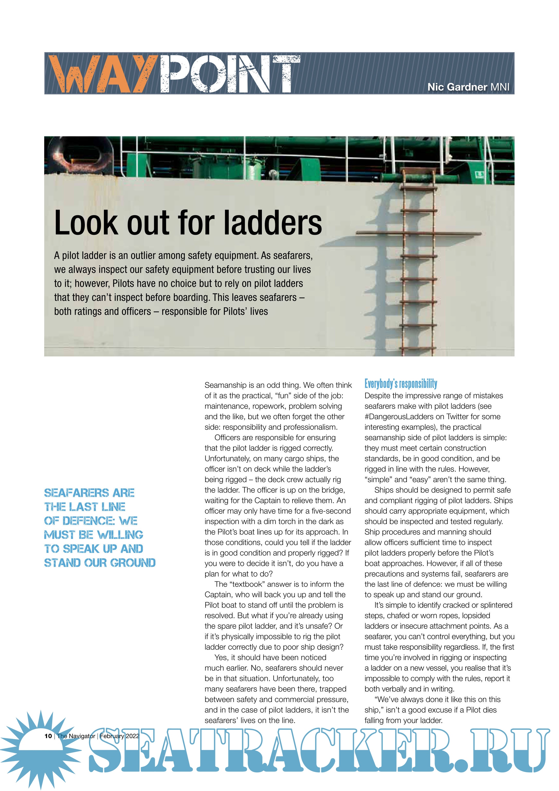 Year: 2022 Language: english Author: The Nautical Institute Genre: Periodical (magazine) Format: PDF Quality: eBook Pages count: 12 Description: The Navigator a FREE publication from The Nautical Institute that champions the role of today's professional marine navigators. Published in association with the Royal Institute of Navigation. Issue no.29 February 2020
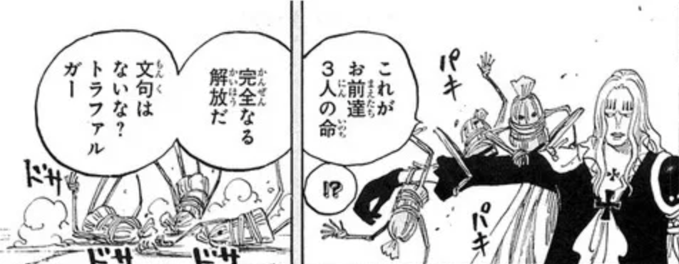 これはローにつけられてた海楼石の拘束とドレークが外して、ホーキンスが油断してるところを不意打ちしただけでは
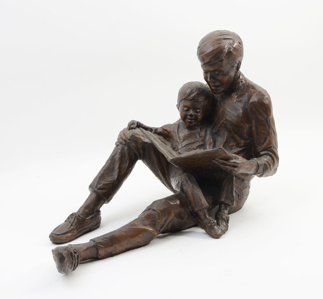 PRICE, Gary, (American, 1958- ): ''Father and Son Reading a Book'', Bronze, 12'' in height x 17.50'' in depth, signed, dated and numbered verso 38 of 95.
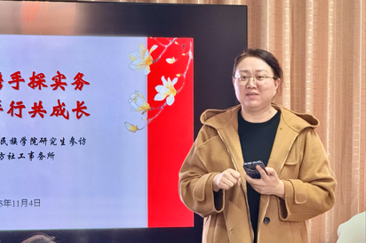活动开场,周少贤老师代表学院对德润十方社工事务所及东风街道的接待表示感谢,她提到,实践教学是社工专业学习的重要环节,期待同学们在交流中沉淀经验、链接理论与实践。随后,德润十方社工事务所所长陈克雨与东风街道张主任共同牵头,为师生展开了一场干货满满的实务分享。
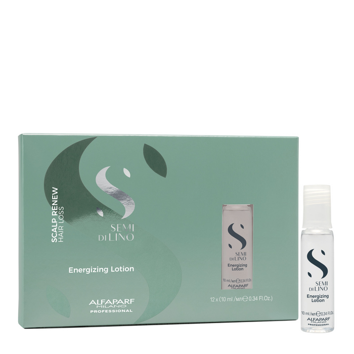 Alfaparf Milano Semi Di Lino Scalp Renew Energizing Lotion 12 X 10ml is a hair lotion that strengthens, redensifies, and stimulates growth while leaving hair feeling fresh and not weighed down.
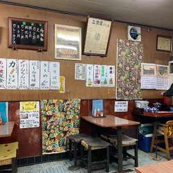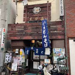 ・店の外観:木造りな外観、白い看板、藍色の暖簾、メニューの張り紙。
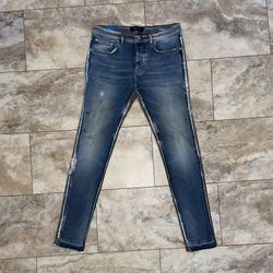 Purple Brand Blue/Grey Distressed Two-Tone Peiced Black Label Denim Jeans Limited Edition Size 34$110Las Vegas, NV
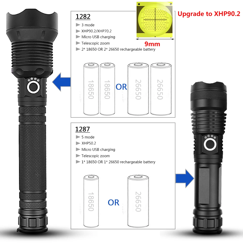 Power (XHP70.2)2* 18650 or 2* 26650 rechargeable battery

--------------------------------------------------

▶ [Work to be completed]
Begin with the line containing "これはローにつけられてた海楼" and end with the last line of the entries above. Copy those lines exactly, both ends included, and drop every picture.

▶ [Response box]
 これはローにつけられてた海楼石の拘束とドレークが外して、ホーキンスが油断してるところを不意打ちしただけでは
 PRICE, Gary, (American, 1958- ): ''Father and Son Reading a Book'', Bronze, 12'' in height x 17.50'' in depth, signed, dated and numbered verso 38 of 95.
活动开场,周少贤老师代表学院对德润十方社工事务所及东风街道的接待表示感谢,她提到,实践教学是社工专业学习的重要环节,期待同学们在交流中沉淀经验、链接理论与实践。随后,德润十方社工事务所所长陈克雨与东风街道张主任共同牵头,为师生展开了一场干货满满的实务分享。
 Alfaparf Milano Semi Di Lino Scalp Renew Energizing Lotion 12 X 10ml is a hair lotion that strengthens, redensifies, and stimulates growth while leaving hair feeling fresh and not weighed down.
 ・店の外観:木造りな外観、白い看板、藍色の暖簾、メニューの張り紙。
 Purple Brand Blue/Grey Distressed Two-Tone Peiced Black Label Denim Jeans Limited Edition Size 34$110Las Vegas, NV
 Power (XHP70.2)2* 18650 or 2* 26650 rechargeable battery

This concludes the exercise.